Under these set of assumptions this implies that:

$$ \mathcal{P}(y^{(i)} \vert x^{(i)}; \theta) = \frac{1}{\sqrt{2\pi}\sigma} exp({-\frac{(y^{(i)} - \theta^T x^{(i)})^2}{2\sigma^2}}) $$

In another way:

$$ y^{(i)} \vert x^{(i)}; \theta \sim N(\theta^T x^{(i)}, \sigma^2) $$

Given $$ x^{(i)}; \theta $$, the probability $$ y^{(i)} $$ of a particular house is a Gaussian with mean $$ \theta^T x^{(i)} $$ and variance $$ \sigma^2 $$.

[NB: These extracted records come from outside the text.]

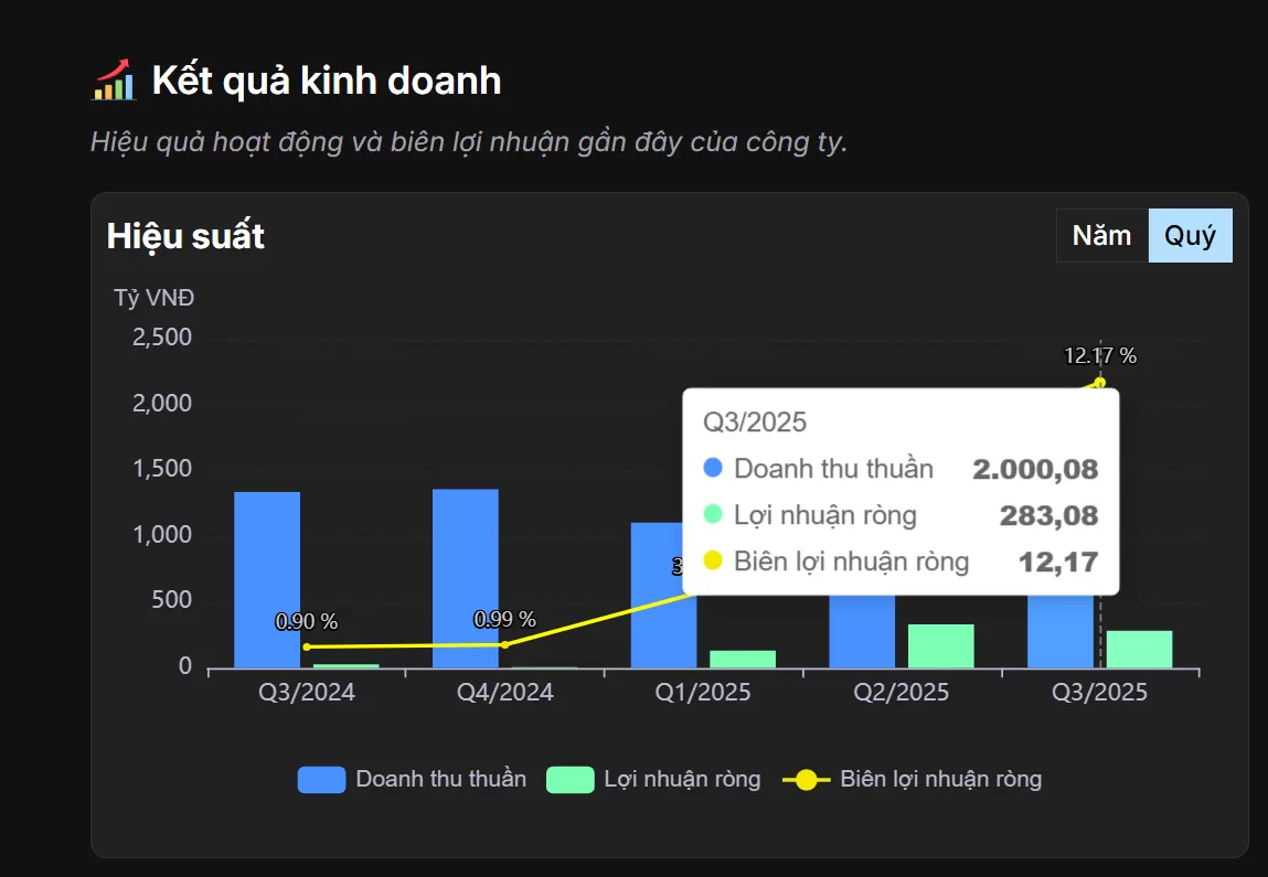 Lũy kế 9 tháng đầu năm 2025: doanh thu ~4.833 tỷ đồng (+36%), lợi nhuận sau thuế ~748 tỷ đồng (gấp ~18 lần cùng kỳ).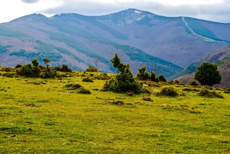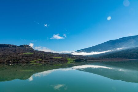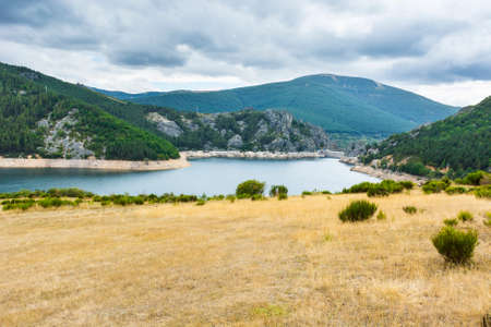 Beautiful landscape in Spain. Dramatic view of Cantabrian Mountains with artificial lake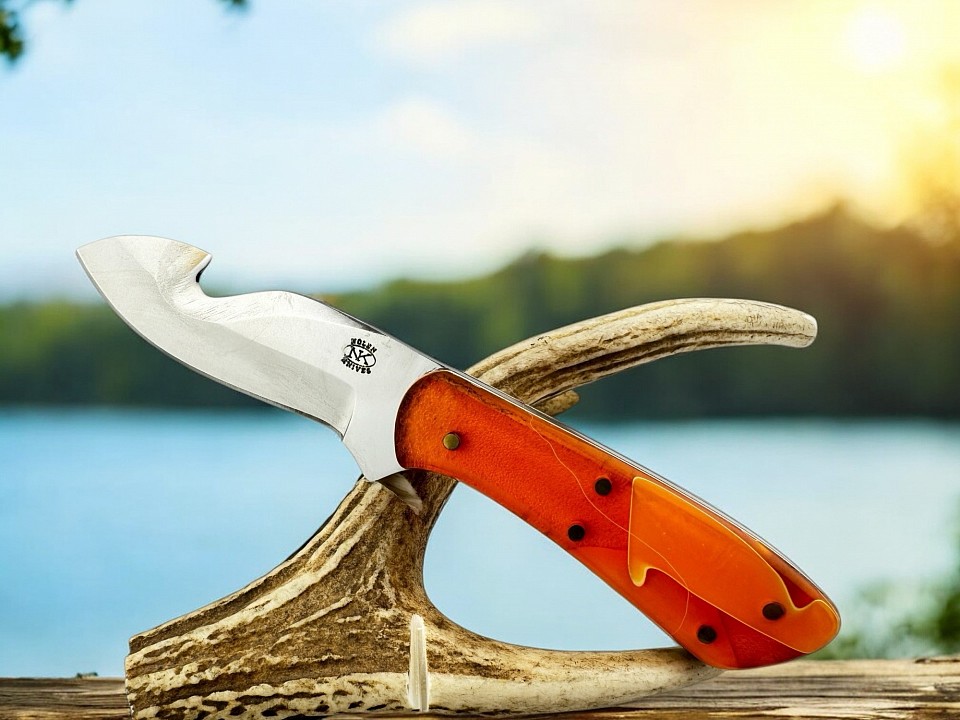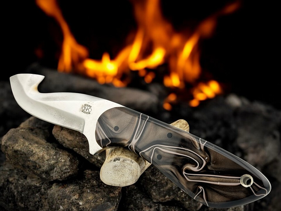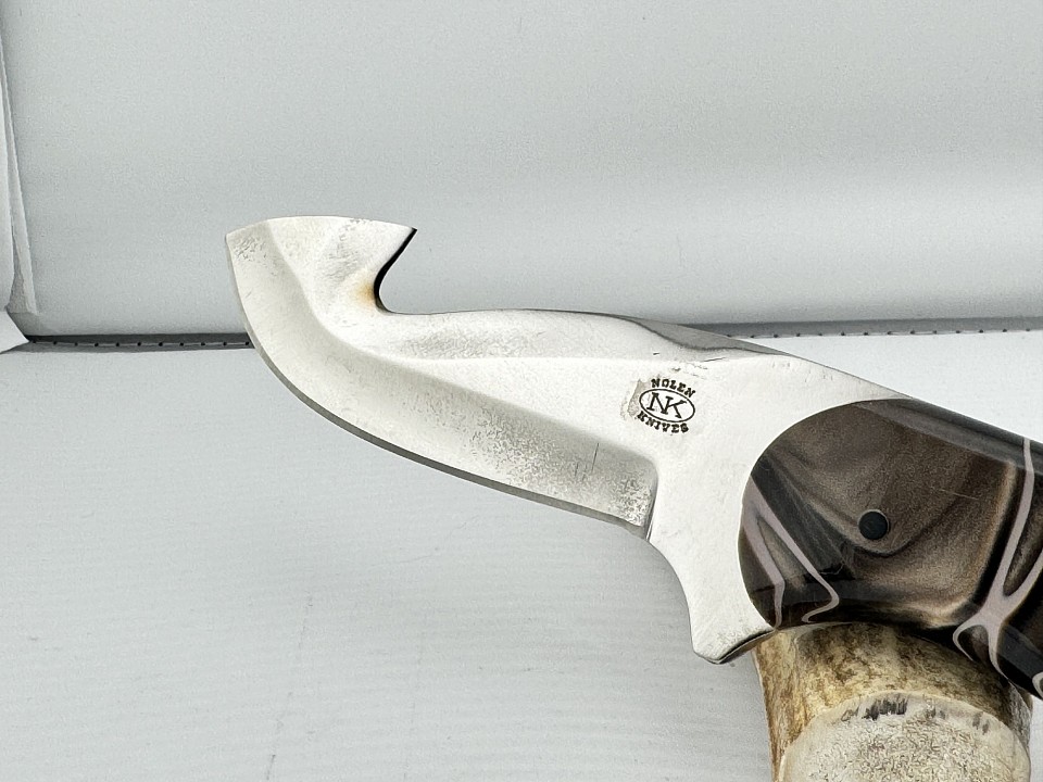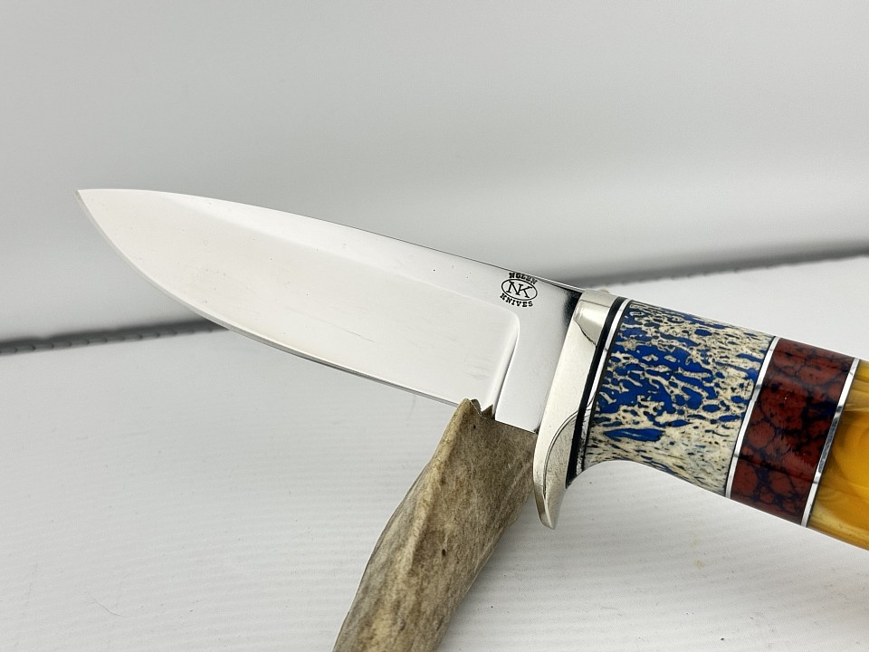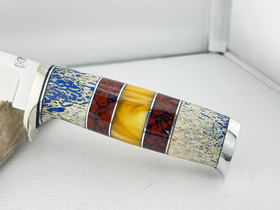 The blade is 4 3/4" with an overall length of 9 1/2". Made with 440c steel. The handle is oosik with red and amber with aluminum spacers and butt cap with a nickel-silver guard. Sheath included. $400.00 + 10.00 shipping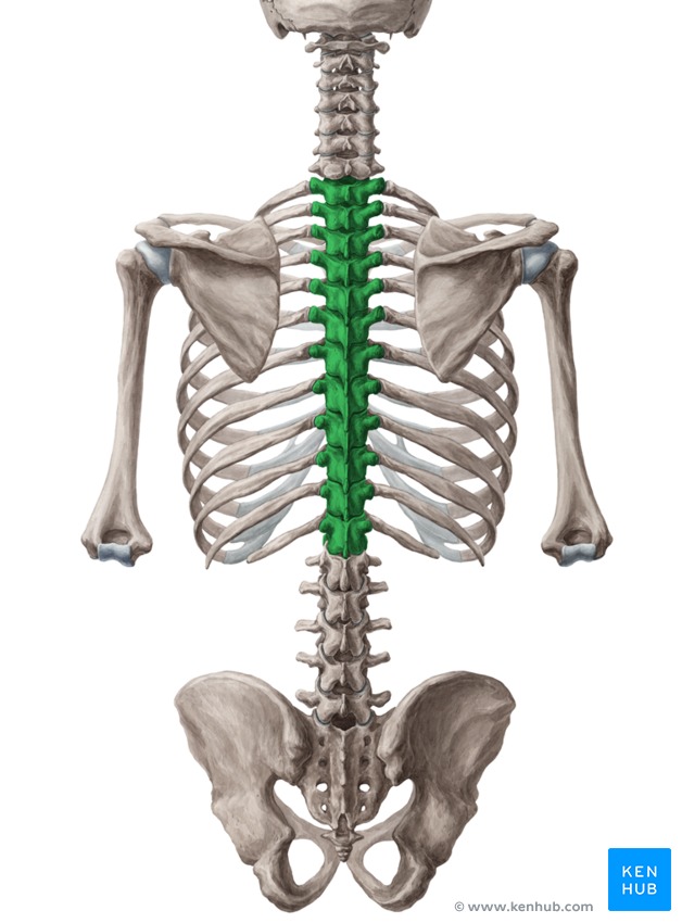 I hope that you are feeling alright and happy too, for me I am fine .Today I will like to share with you something about thoracic vertebrae ;The thoracic vertebrae are located in the middle section of the vertebral column, specifically inferior to the cervical vertebrae and superior to the lumbar vertebrae. These vertebrae span the large majority of the chest cavity area.

And so because the way that the price of a house is determined, is by taking $$ \theta^Tx $$, the true price of the house, and then adding noise or adding error of variance $$ \sigma^2 $$ to it. and so this assumption imply that given $$ x; \theta $$, the density of $$ y $$, has that distribution, which is $$ y^{(i)} $$ is the random variable, and $$ \theta^Tx^{(i)} $$ is the mean, and $$ \sigma^2 $$ is the variance of the Gaussian density.

The ; in the equation should be read as parameterized by. The alternative way to write that would be to write , instead of ; and this would be conditioning on $$ \theta $$, but $$ \theta $$ is not a random variable, so you shouldn’t condition on it. Which is why we gonna write ; instead.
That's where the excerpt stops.